J’ai dénoncé à plusieurs reprises PNB, seul ou au travers de SavoirsCom1, notamment à cause du système de licence et de jetons de cette offre qui peut représenter rapidement un gouffre pour les finances des collectivités qui rejoignent PNB. Si on regarde dans le détail, là où se cache le diable, on se rend compte que cela peut effectivement coûter très cher. Sur les 135 000 titres, il y en plus de 42 000 (soit presque un tiers) qui ne sont accessibles que pour un utilisateur à la fois ! Si on souhaite fournir un accès simultané (ce qu’offre le numérique théoriquement) il faut acheter plusieurs fois le même fichier.

Concernant les prêts, Dilicom annonce 210 555 prêts pour l’année 2016 dont 133 786 en France. (contre 279, 5 millions prêts de livres physiques en 2015). Un chiffre relatif aux bibliothèques de la Ville de Paris est également assez éloquent :On apprend à travers cette slide que PNB dans les bibliothèques de la Ville de Paris est un service utilisé par 8000 usagers uniques (chiffre auquel il faut soustraire les professionnels) et seulement 2000 usagers réguliers. C’est bien de lancer des chiffres, le MCC et les défenseurs de PNB excellent dans ce domaine, mais il est intéressant de comparer ces 8000 usagers au nombre d’inscrits dans les bibliothèques de la capitale qui s’élève à 300 000 inscrits qui empruntent 9,9 millions de documents (chiffre auquel il faut soustraire les DVD et les CD). C’est très facile de jouer à la guerre des chiffres.

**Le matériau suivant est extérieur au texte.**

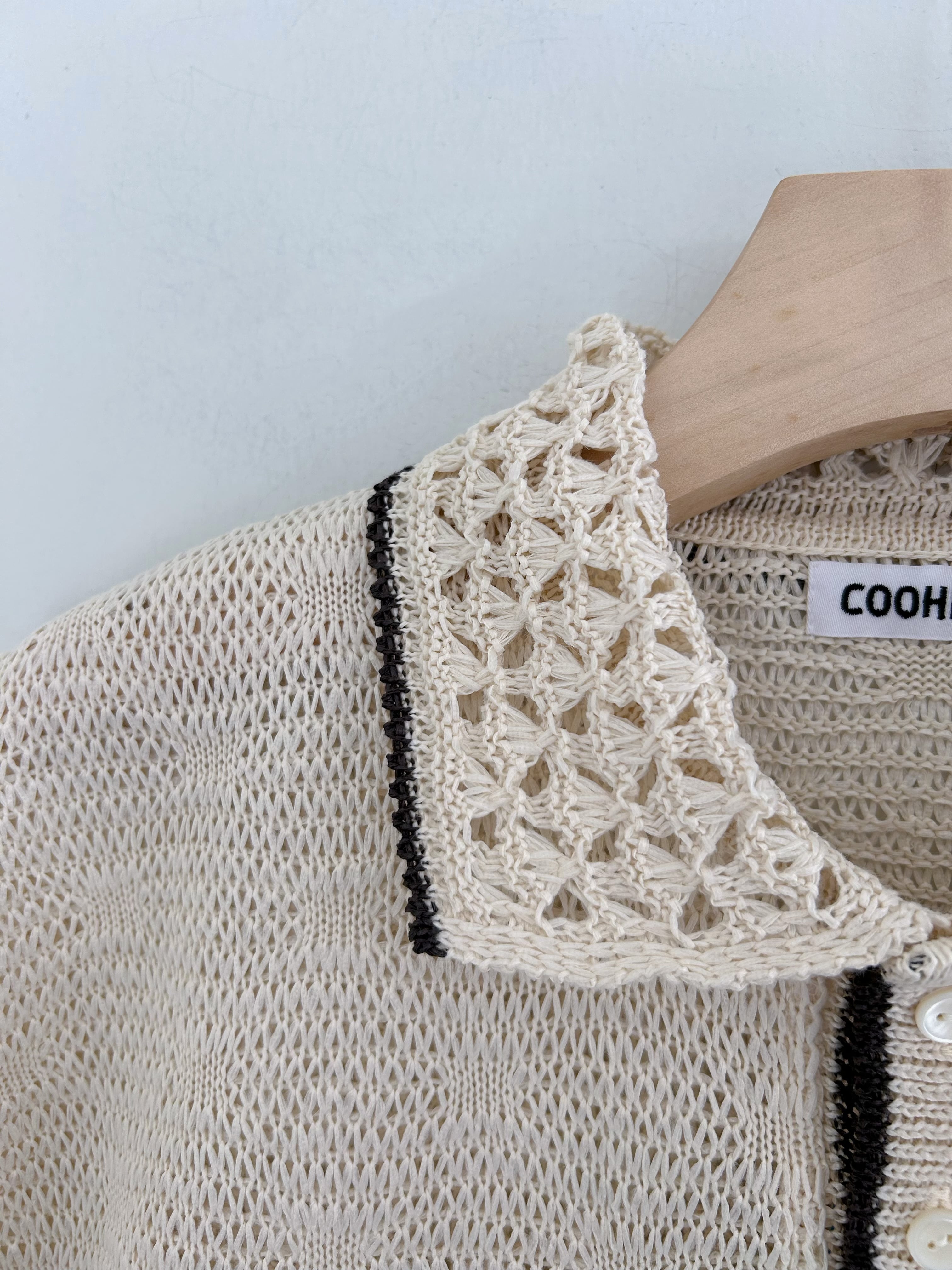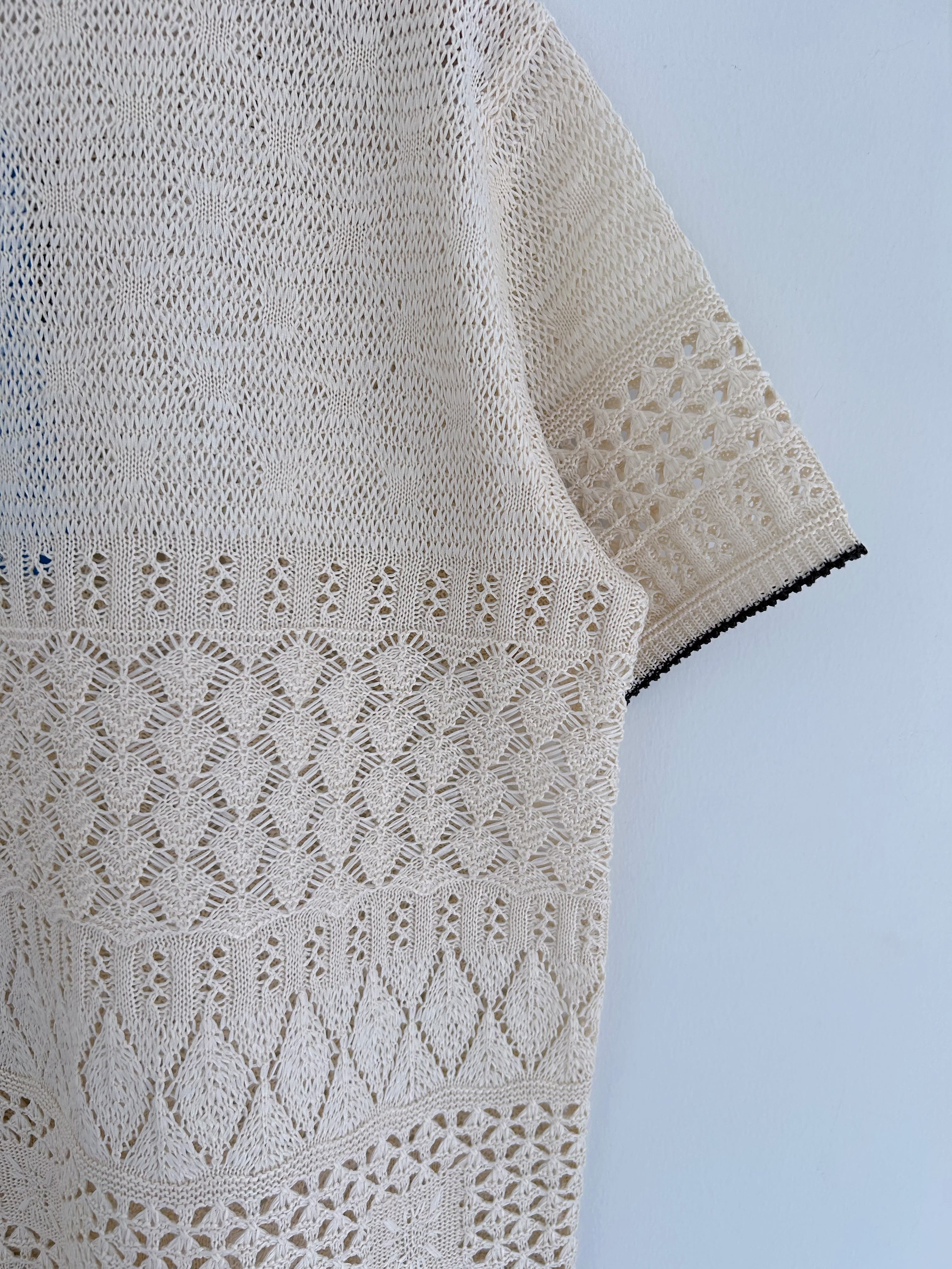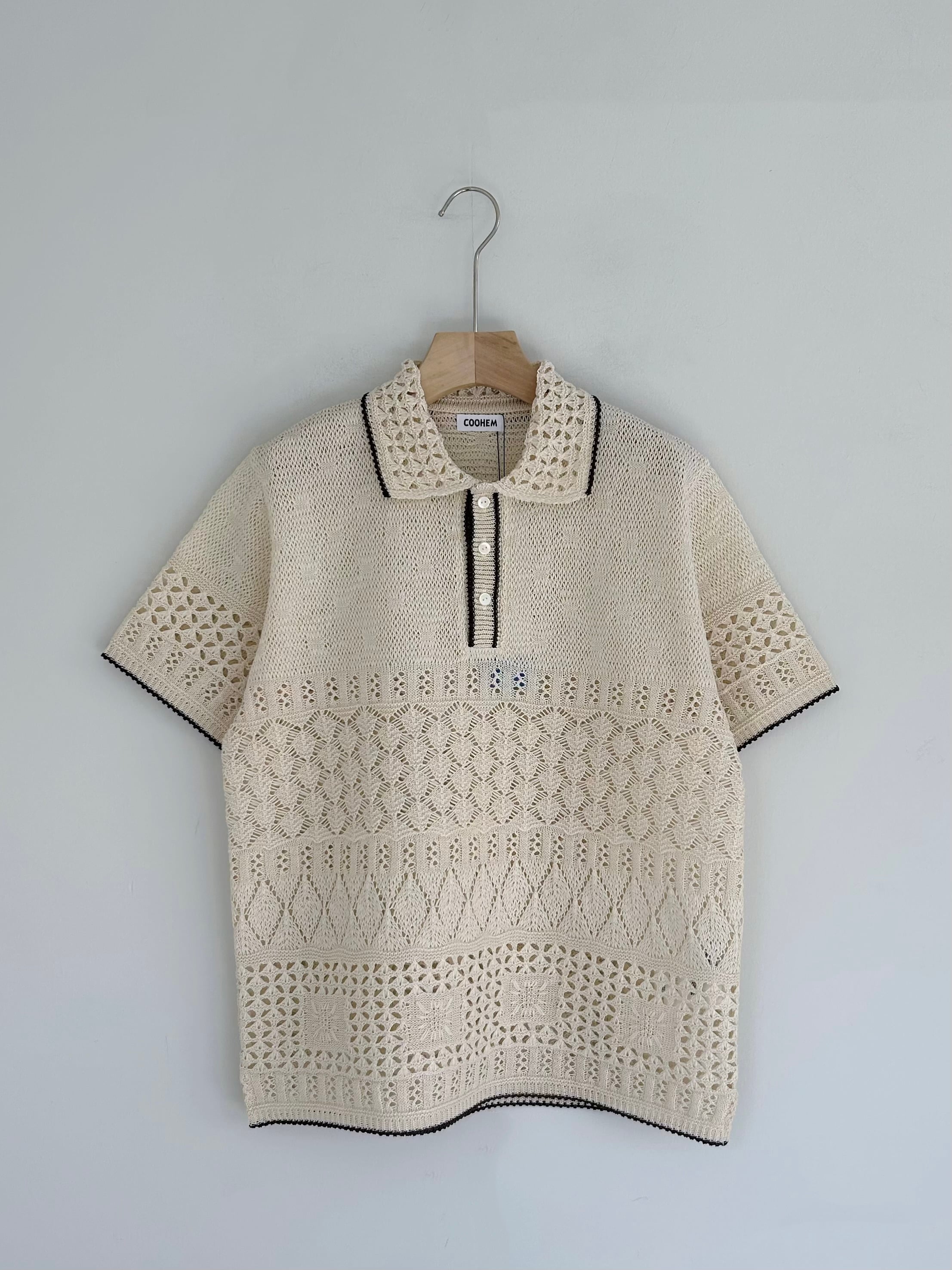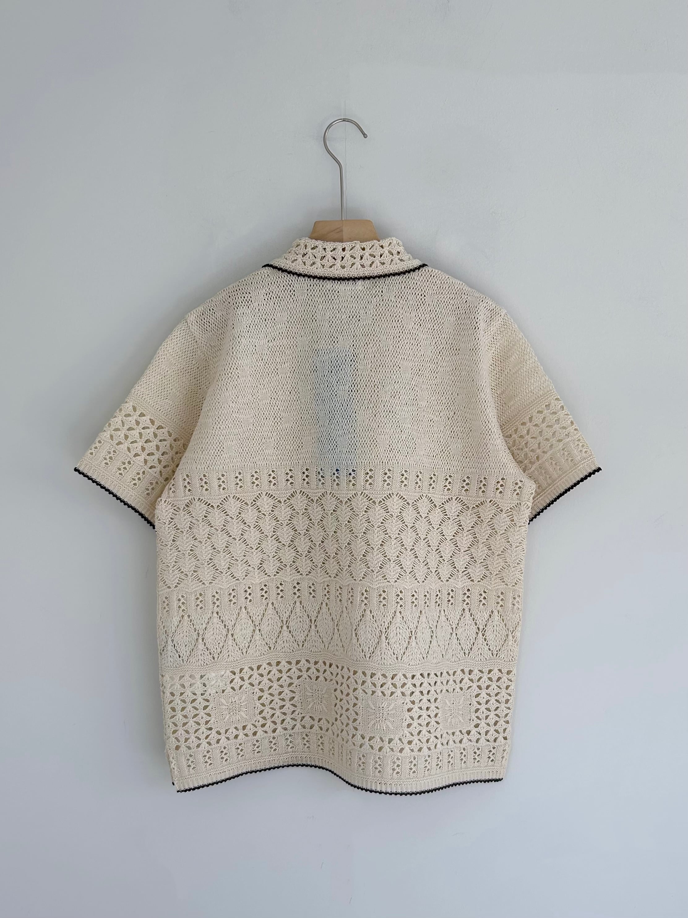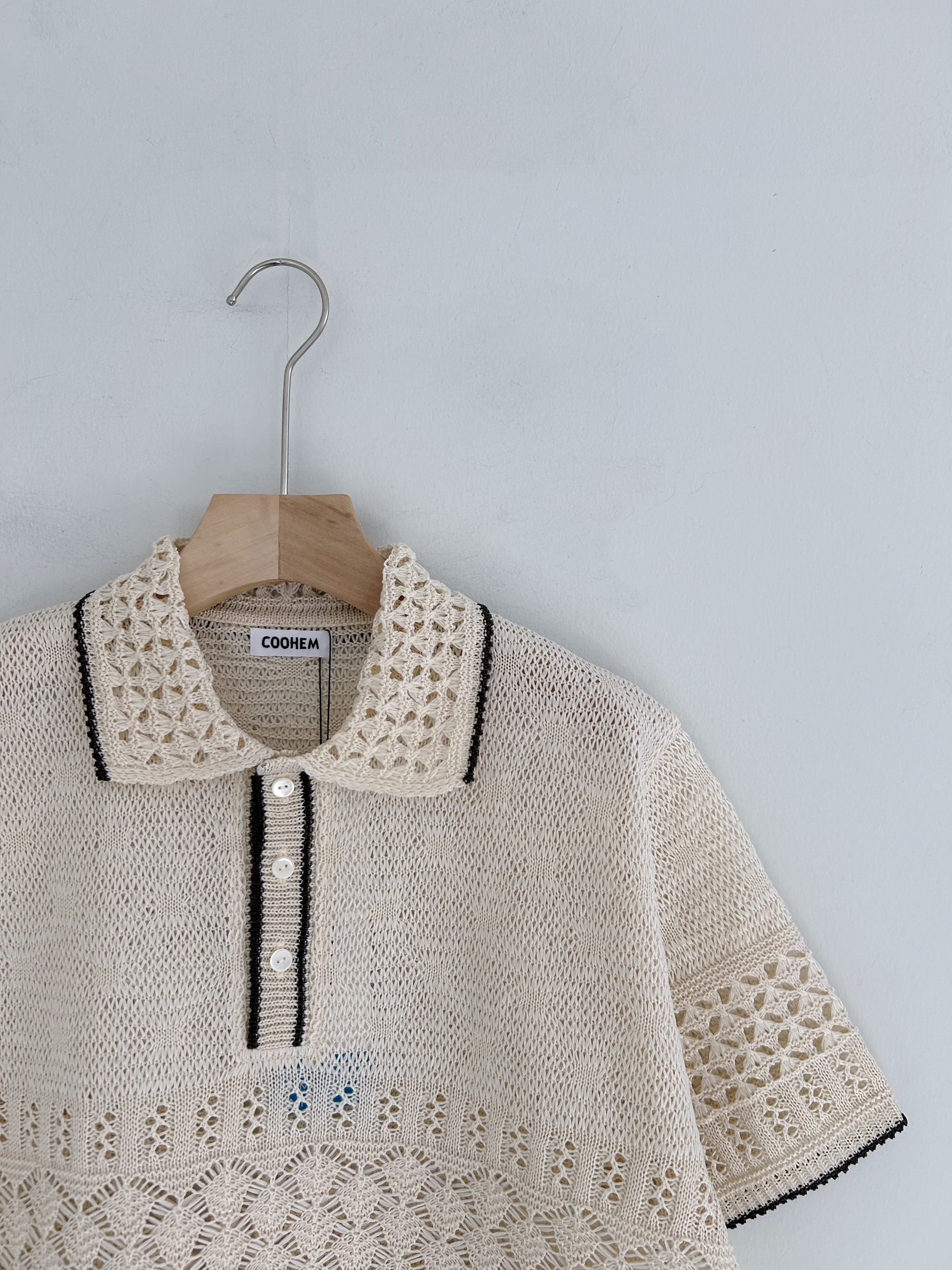 Yonetomiアーカイブスから引用した透かし編みをポリエステルのテープ糸で表現したニットポロ。
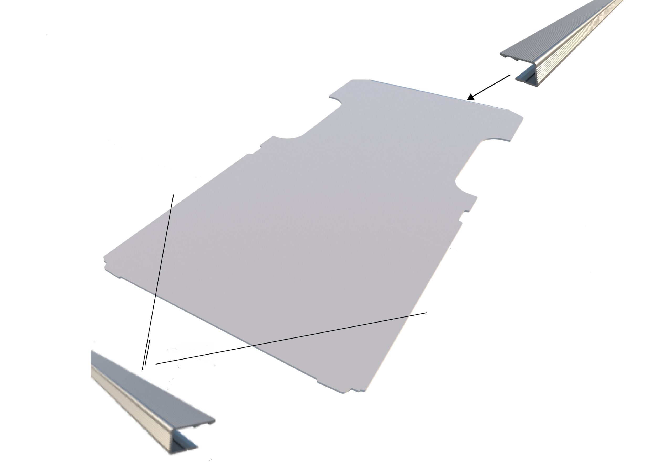 Vloerplaat, doorlopend bij de schuifdeur, dubbele schuifdeuren uitvoering , grijs, 9mm incl instaplijsten, L1 (Geschikt voor Ford Custom 2025) (afbeelding ter illustratie)
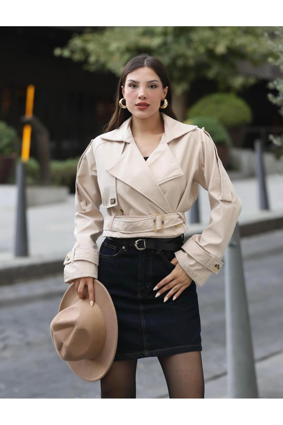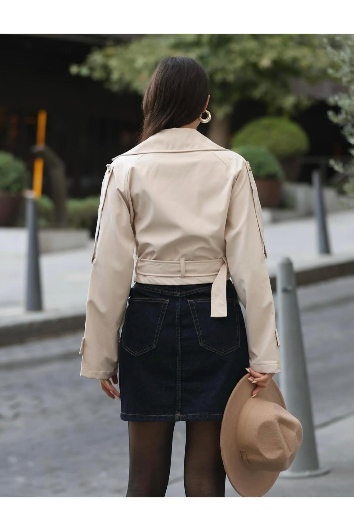 Kadın Soft Kumaş Kemerli Kısa Ceket Kadın Soft Kumaş Kemerli Kısa Ceket 006
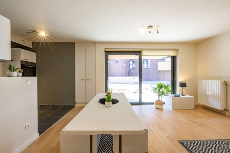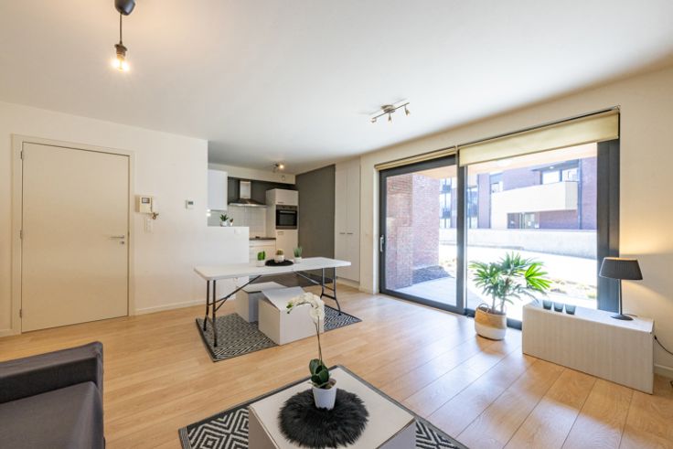 Te koop GELIJKVLOERS APPARTEMENT MET TERRAS INCL ONDERGR. PARKEERPL
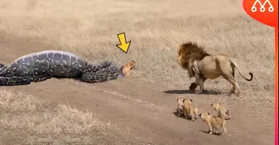 QUANDO O LEÃO ENCONTRA A COBRA COM SEU FILHOTE
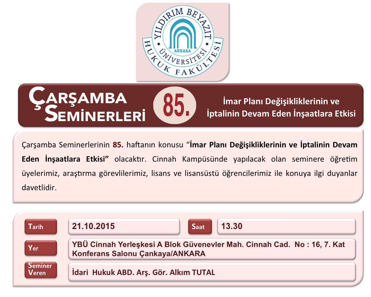 YBÜ Hukuk Fakültesi Çarşamba Semineri 85-İmar Planı Değişikliklerinin ve İptalinin Devam Eden İnşaatlara Etkisi
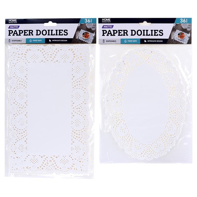 Doilies Lace Mat Assorted Shapes - Oval (27cm x 19cm) & Rectangle (30cm x 19cm) 36pk
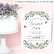 A white background decorated with lavender flowers, eucalyptus greenery and bees. Personalise and your name and details.
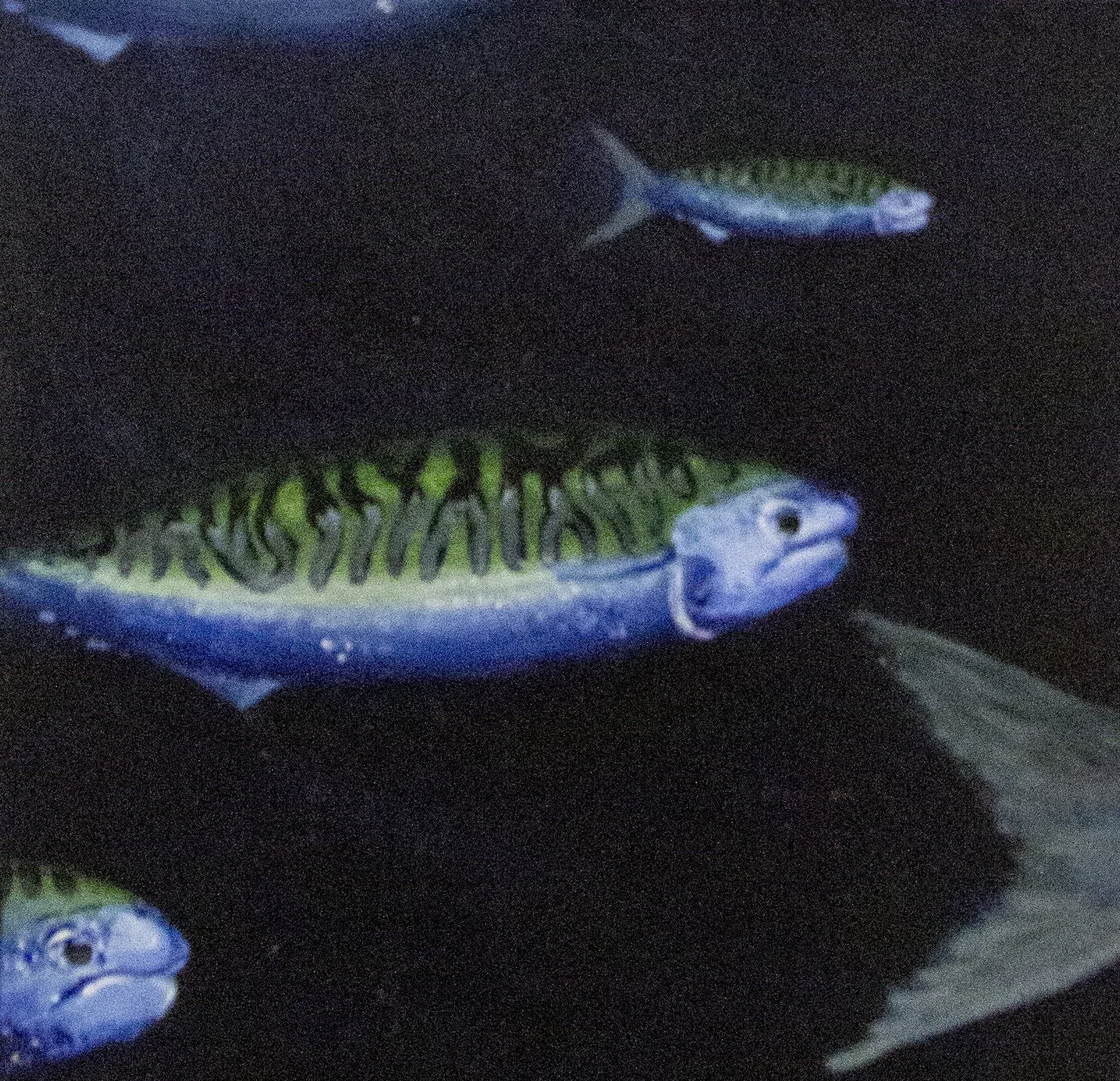 Clay sharks follow migration lines north on the painted map, depicting sharks migrating into colder water due to rising sea temperatures.

Grâce à cette évaluation, on se rend compte que le MCC est surtout le ministère de la Communication avant d’être celui de la Culture. Il a encore publié des beaux chiffres pour donner l’illusion que PNB est un service exceptionnel auquel nous devons tous adhérer. Mais chers collègues réfléchissons à deux fois avant d’engager de l’argent public dans ce dispositif en cette période de vache maigre. Cessons d’avaler des couleuvres et posons-nous les bonnes questions. Construisons des projets qui font sens sur nos territoires avant de nous lancer dans cette aventure catastrophique ! Appuyons-nous sur la décision de la CJUE sur le droit de prêt numérique pour construire d’autres modèles. Enfin, ne nous laissons pas avoir par les discours élogieux sur le futur DRM allégé LCP. Quid des titres déjà achetés garnis du DRM d’Adobe ? Les bibliothèques bénéficieront-elles d’une rétro-conversion ? Si oui, sera-t-elle gratuite ? Seront-elles piégées par les licences et devront-elles racheter les mêmes titres avec la DRM LCP ?

Une réponse à “PNB, le constat d’un échec ?”

  1. Bonjour,
    j’ai assisté moi aussi à ce bilan et regretté l’absence d’analyse du dispositif par rapport aux 12 points définis par l’interprofession en 2014 (voir : https://www.actualitte.com/article/tribunes/pnb-apres-l-experimentation-la-necessite-d-une-loi-sur-le-pret-numerique/68179).
    J’ai relevé, ceci dit, des inexactitudes dans votre analyse je pense :
    – L’étendue de l’offre est exprimée en titres, les différents formats pour un même titres sont bien pris en compte (148 000 fichiers, 135 000 titres)
    – Le nombre de bibliothèques « raccordées », concerne des réseaux et bibliothèques : la couverture estimée est 2000 bibliothèques (une seule BDP, par exemple permet à une centaine de bibliothèques municipales et à leurs usagers de télécharger des livres)
    – Le coût pour les bibliothèques : est très modulable, et c’est tout l’intérêt de PNB, en plus du fait de pouvoir constituer des collections titre à titre (là c’est à la fois possible, et compliqué, puisque l’offre éditoriale justement n’est pas si large..)
    – Bref, tout n’est pas négatif dans ce dispositif, à mon sens. Mais les seules statistiques d’usage ne peuvent pas suffire à une évaluation.